▼
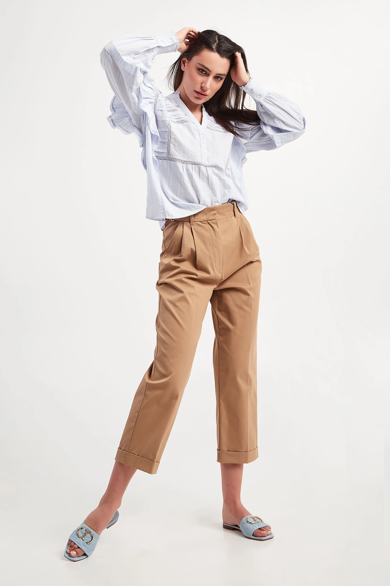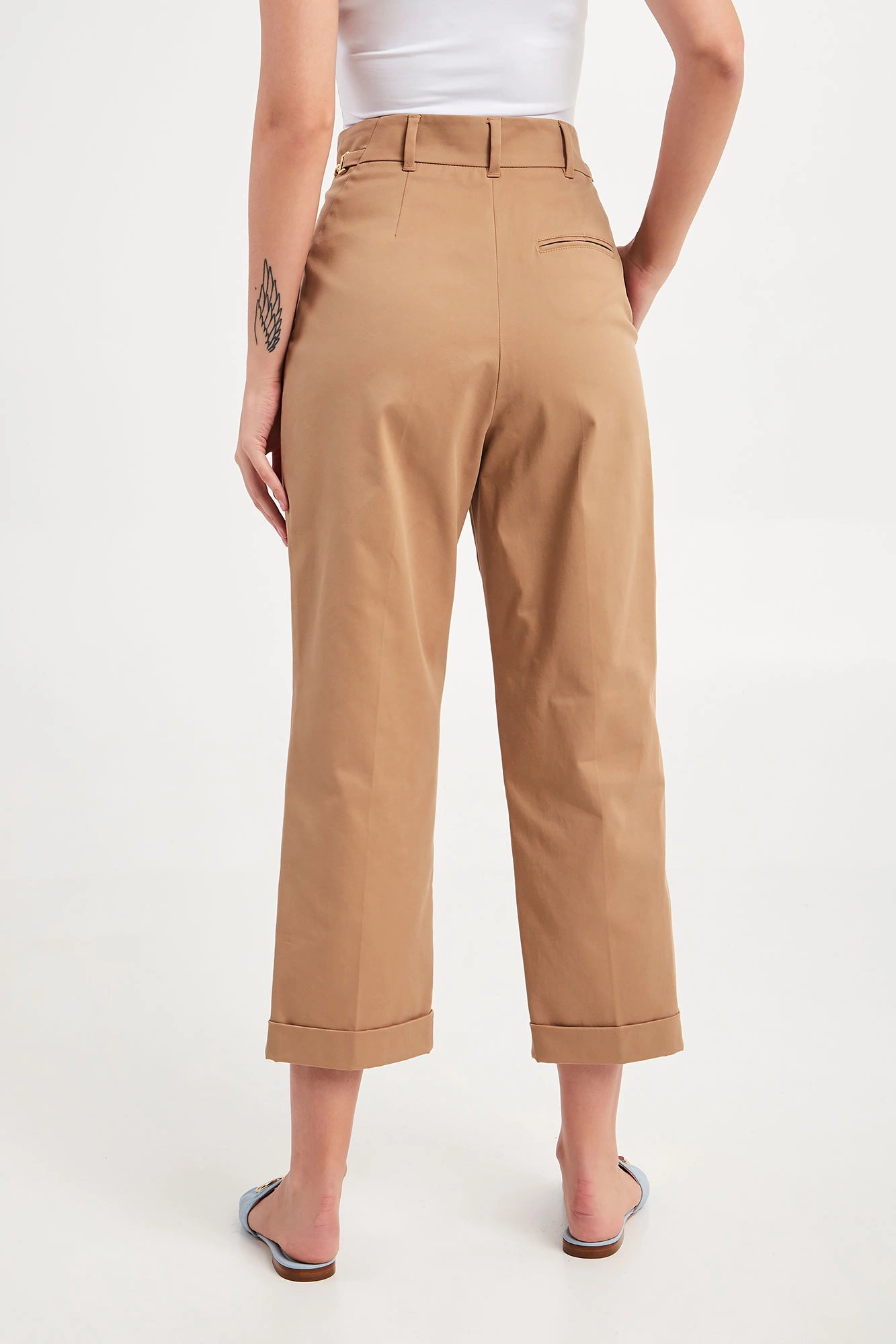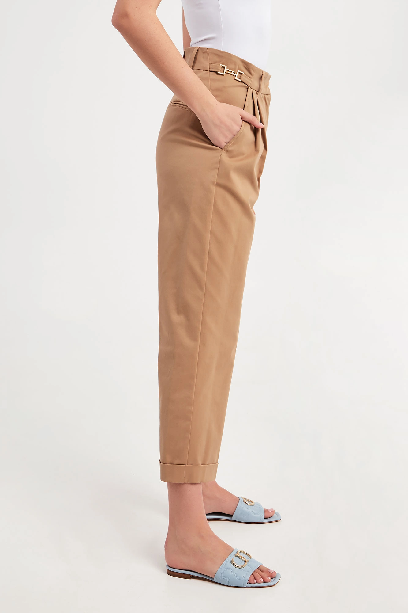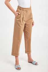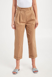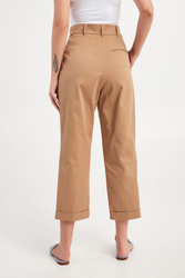 Spodnie marki Marella w kamelowym kolorze. Fason regular fit. Zapinane za pomocą zamka oraz krytej haftki. W pasie złote, biżuteryjne łańcuszki i szlufki. Dwie boczne, wpuszczane kieszenie. Pod pasem zakładki. Proste nogawki zakończone podwijaną lamówką. Z tyłu patka imitująca kieszeń. Wykonane z bawełnianej tkaniny pozyskiwanej od sieci dostawców zaangażowanych w rolnictwo o niskim wpływie.
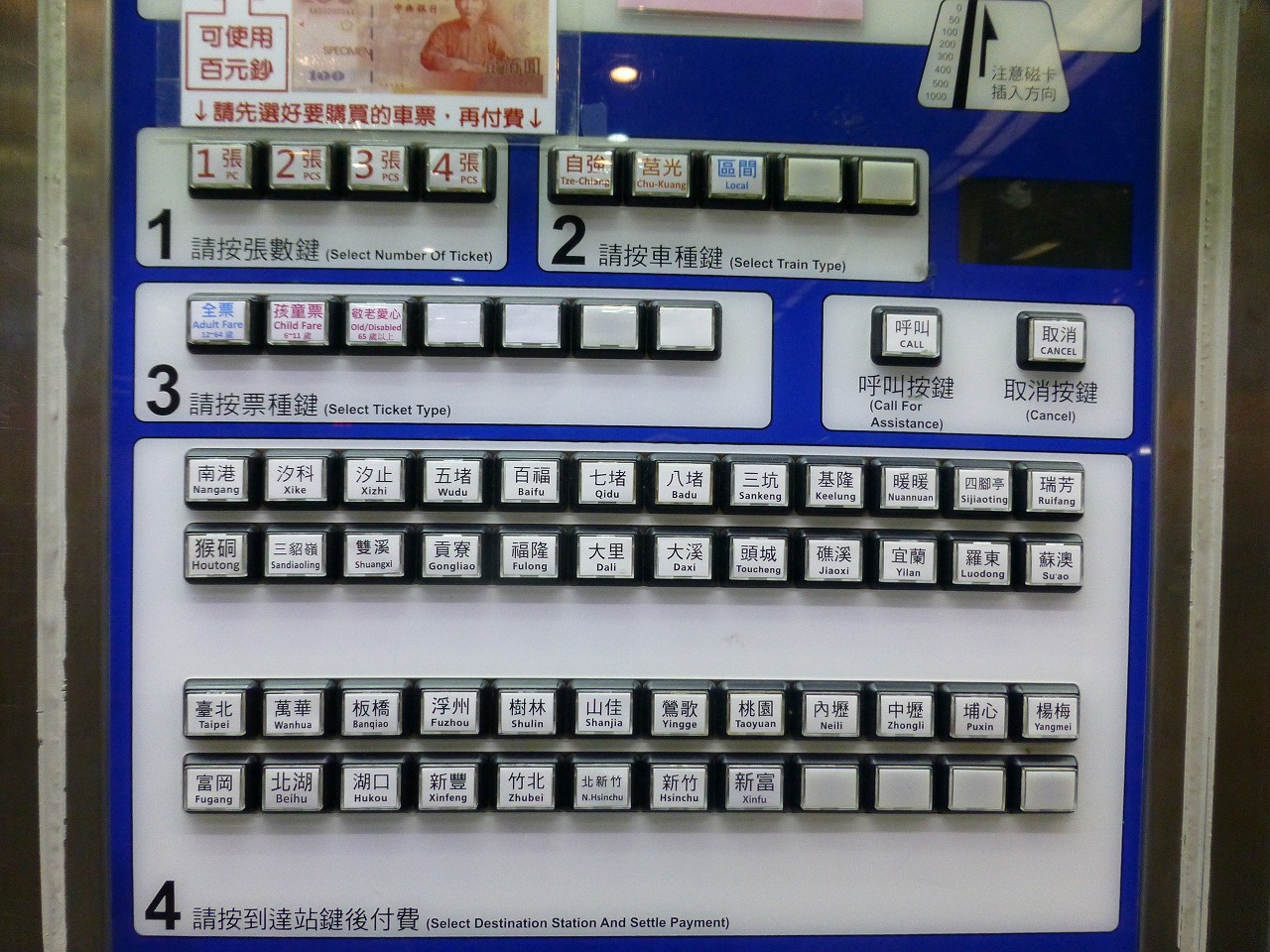 切符を買う自販機のボタン。行先を押せばいいので楽♪
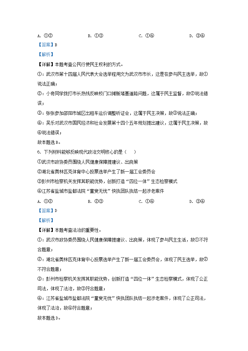 【文档预览】 无忧考网整理发布2023-2024学年湖北省武汉市武昌区九年级上学期道德与法治12月月考试题及答案(Word版),前五页预览如下:
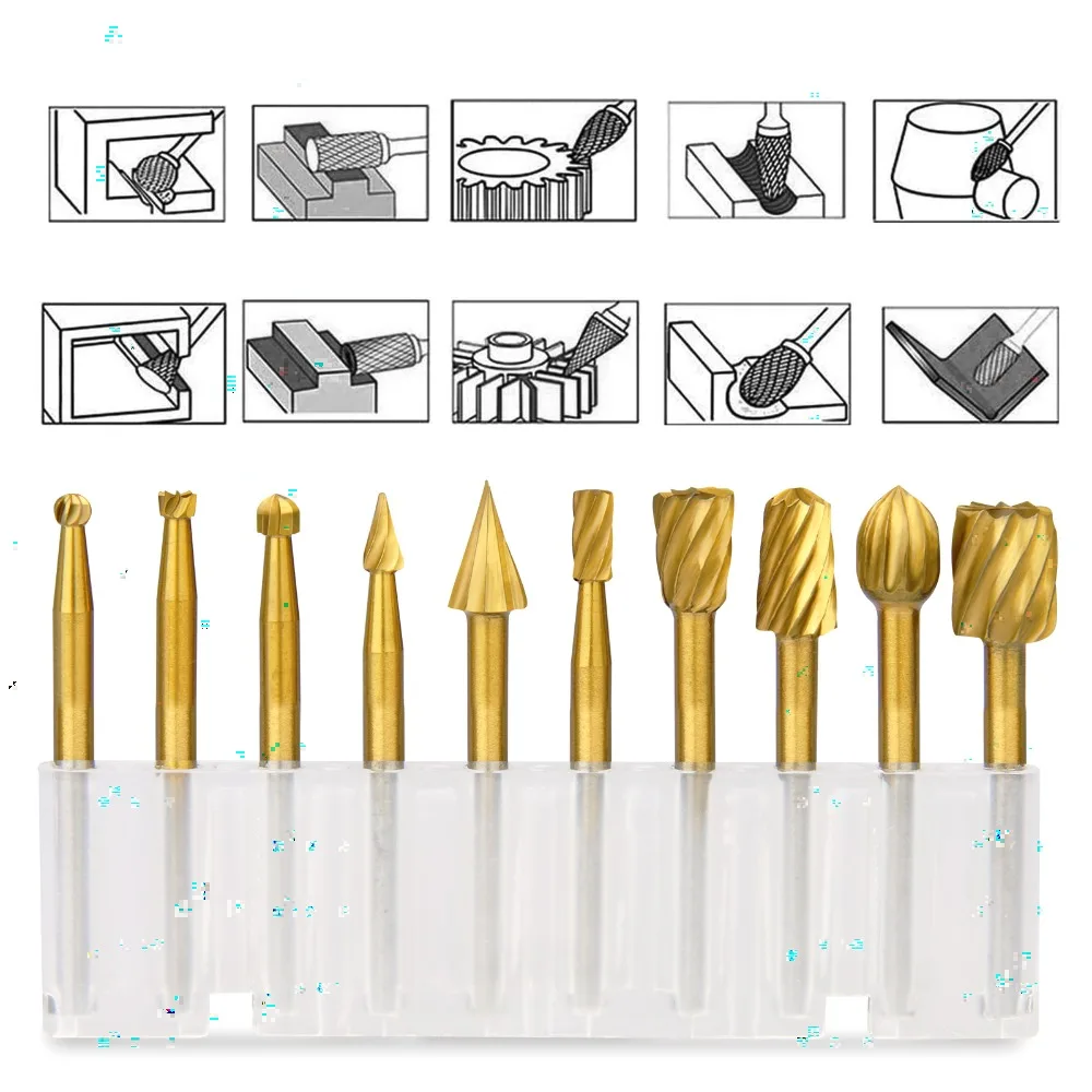 3. 10 шт. вращающихся бит: 10 различных заусенцев в одном наборе, каждый заусенец имеет форму для различных углов или ситуаций, подходит для гравировки, скошенности, снятия фаски, обработки канавок, перемотки, полых.
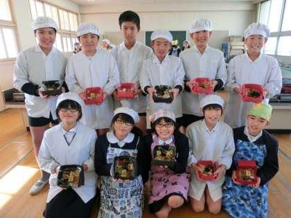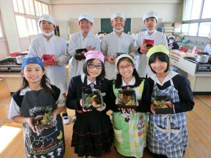 栄養教諭の指導のもと、本格的な味付けや盛り付けを体験しました。
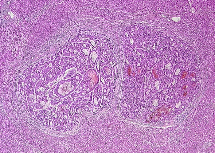 Das Tumorgewebe in der Bildmitte ist diskret basophiler als das umgebende Leberparenchym. Leberzellähnliches Gewebe aus doppel- oder mehrreihigen Zellplatten. Diese bilden pseudoglanduläre Strukturen aus.
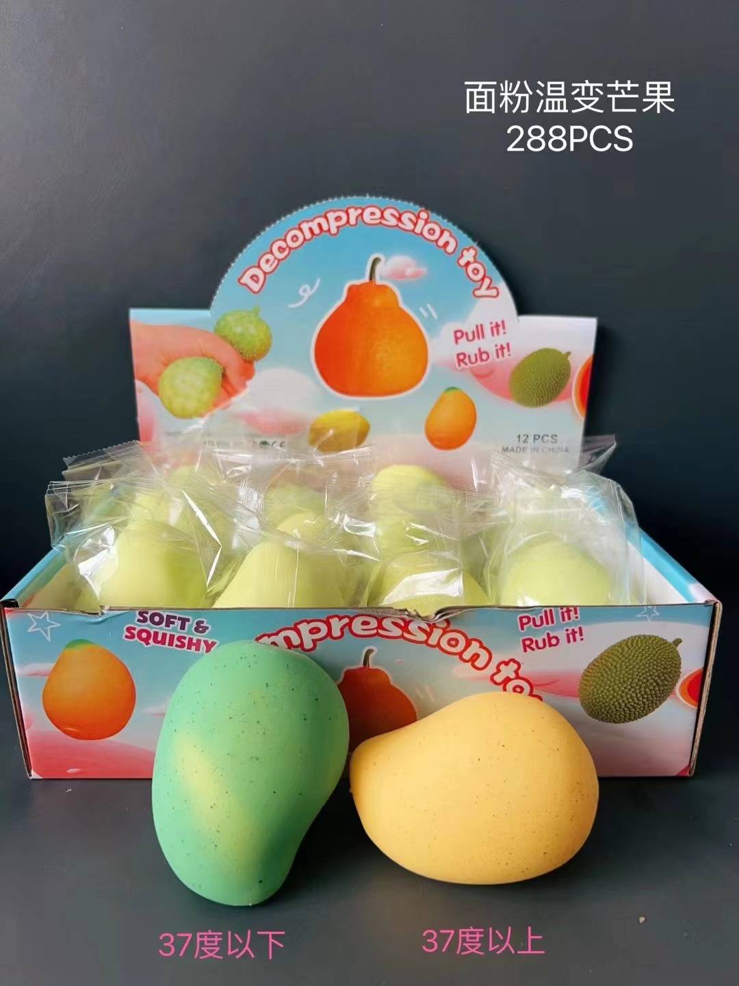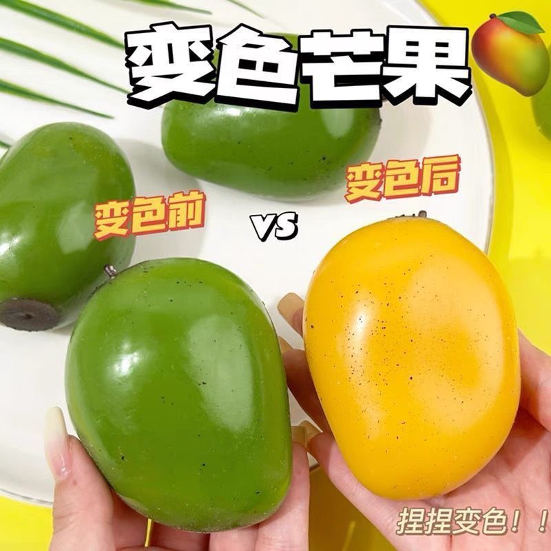 新款网红创意温感手捏变色芒果捏捏乐变色发泄玩具温度变色解压批
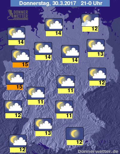 Am Donnerstag Abend zeigt sich das Wetter weitgehend über der kompletten Bundesrepublik klar. Keine Regenwolken in Sicht, was auf eine angenehme Nacht hinweist. Die Temperaturen liegen bei Werten zwischen 11 Grad C und 15 Grad C im Rheinland.
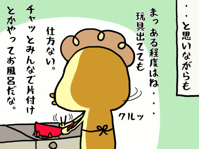 (まっ、ある程度はね・・オモチャ出てても仕方ない。チャットみんなで片付けしてお風呂だな)
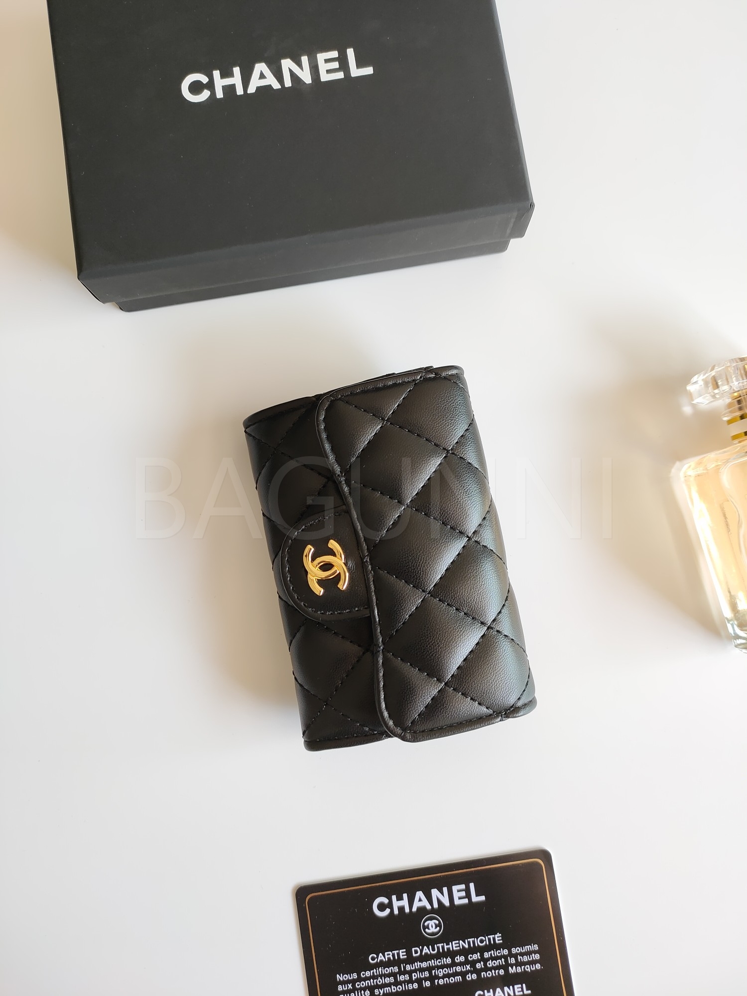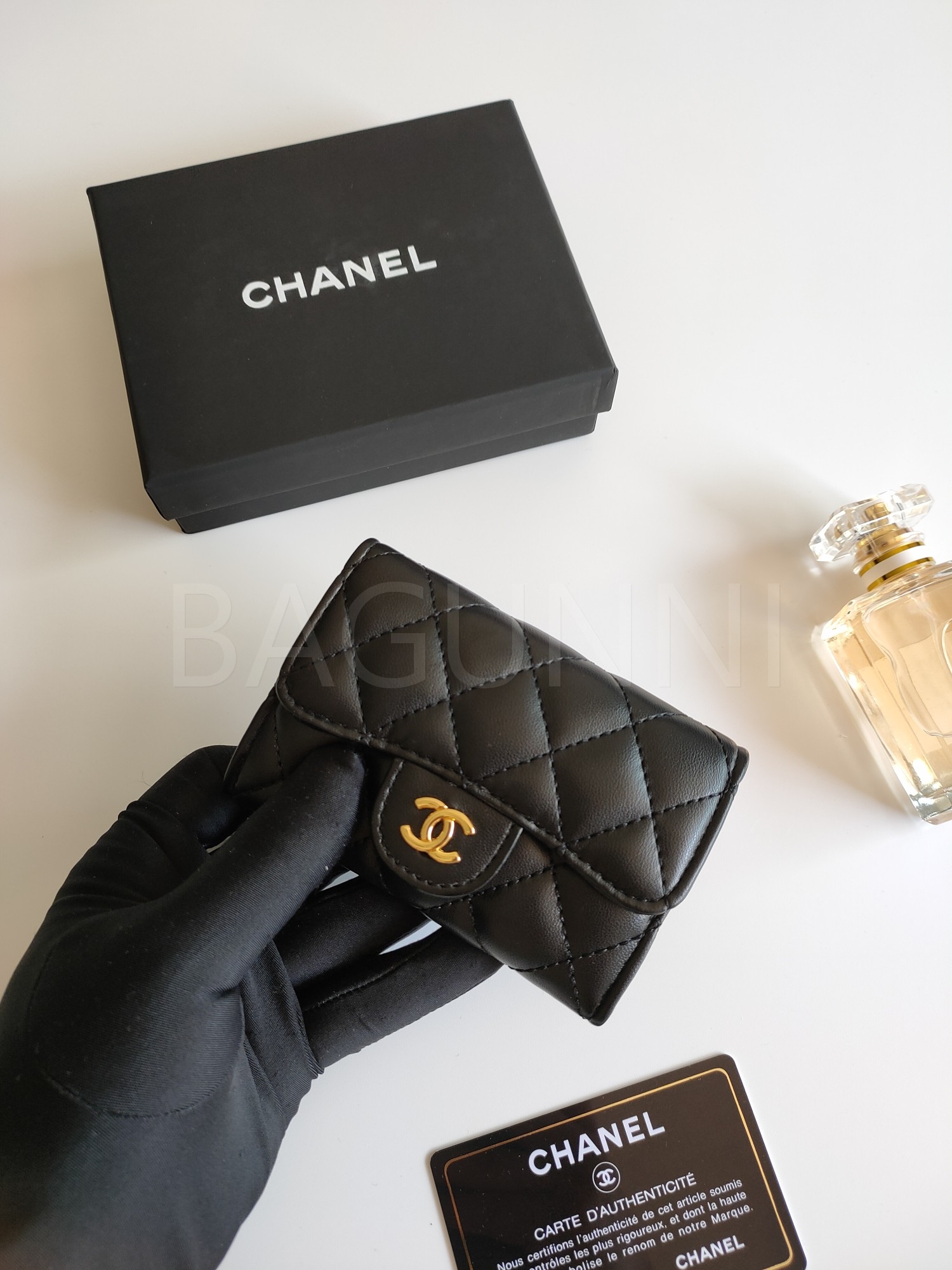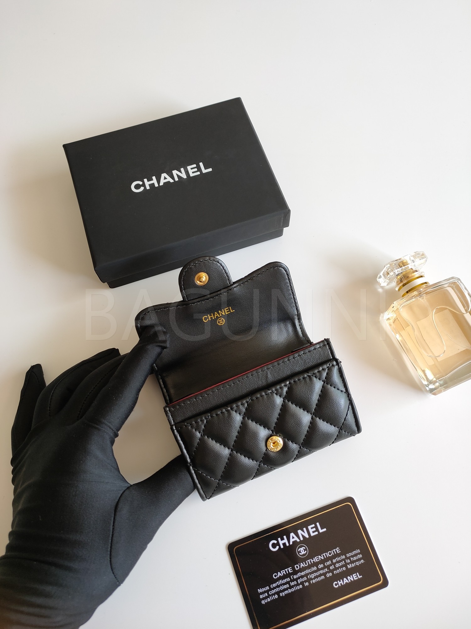 카프스킨의 질감이 돋보이는 샤넬 19 카드지갑입니다.
▲
[Aim of the task]: Output the listing exactly, pictures excluded.

[Solved exercise]:
 Spodnie marki Marella w kamelowym kolorze. Fason regular fit. Zapinane za pomocą zamka oraz krytej haftki. W pasie złote, biżuteryjne łańcuszki i szlufki. Dwie boczne, wpuszczane kieszenie. Pod pasem zakładki. Proste nogawki zakończone podwijaną lamówką. Z tyłu patka imitująca kieszeń. Wykonane z bawełnianej tkaniny pozyskiwanej od sieci dostawców zaangażowanych w rolnictwo o niskim wpływie.
 切符を買う自販機のボタン。行先を押せばいいので楽♪
 【文档预览】 无忧考网整理发布2023-2024学年湖北省武汉市武昌区九年级上学期道德与法治12月月考试题及答案(Word版),前五页预览如下:
 3. 10 шт. вращающихся бит: 10 различных заусенцев в одном наборе, каждый заусенец имеет форму для различных углов или ситуаций, подходит для гравировки, скошенности, снятия фаски, обработки канавок, перемотки, полых.
 栄養教諭の指導のもと、本格的な味付けや盛り付けを体験しました。
 Das Tumorgewebe in der Bildmitte ist diskret basophiler als das umgebende Leberparenchym. Leberzellähnliches Gewebe aus doppel- oder mehrreihigen Zellplatten. Diese bilden pseudoglanduläre Strukturen aus.
 新款网红创意温感手捏变色芒果捏捏乐变色发泄玩具温度变色解压批
 Am Donnerstag Abend zeigt sich das Wetter weitgehend über der kompletten Bundesrepublik klar. Keine Regenwolken in Sicht, was auf eine angenehme Nacht hinweist. Die Temperaturen liegen bei Werten zwischen 11 Grad C und 15 Grad C im Rheinland.
 (まっ、ある程度はね・・オモチャ出てても仕方ない。チャットみんなで片付けしてお風呂だな)
 카프스킨의 질감이 돋보이는 샤넬 19 카드지갑입니다.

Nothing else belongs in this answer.